Preoperative measures
Preoperative bathing
Preoperative bathing was recommended to patients by 67.1% (n=49) of clinicians, with the majority indicating standard soap as the agent of choice (54.9%, n=28). Chlorhexidine gluconate (CHG) soap, CHG cloths and other agents (Betadine, n=1; Hibiscrub, n=1; Octenisan, n=2; Stellisept, n=1) were recommended by 29.4% (n=15), 5.9% (n=3) and 9.8% (n=5), respectively. Reasons given for not advocating preoperative bathing include: not necessary (14.7%), a lack of evidence base (50.0%) and a lack of capacity to provide (23.5%). Four surgeons indicated that they used to recommend preoperative bathing but, as they now admit elective patients on the day of surgery, this is not possible.

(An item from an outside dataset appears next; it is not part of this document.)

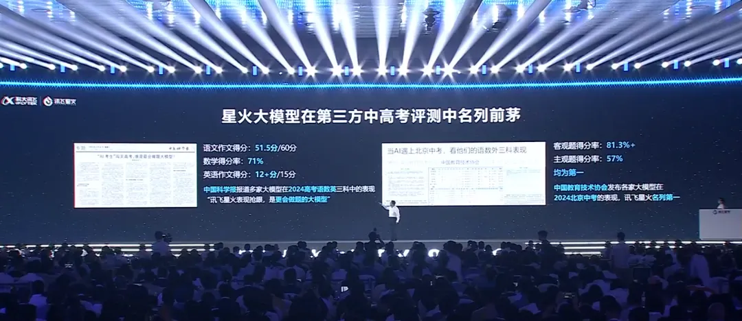 以2024年北京中考为例,星火大模型V4.0发挥稳定,取得了主、客观题得分率的双料第一,人为评定测评水平达到了一名中考考生的中等水平。

Methicillin-resistant Staphylococcus aureus (MRSA) screening
Preoperative MRSA screening was practised by 93.3% (n=56) of vascular surgeons. Reasons for not screening patients included a lack of supportive evidence and a lack of staff or time resource capacity. For patients colonised with MRSA, the majority of responders provide treatment with both intranasal mupirocin and CHG body wash (66.1%, n=39). Intranasal mupirocin alone is used in 16.9% (n=10) and CHG body wash alone in 5.1% (n=3) of cases.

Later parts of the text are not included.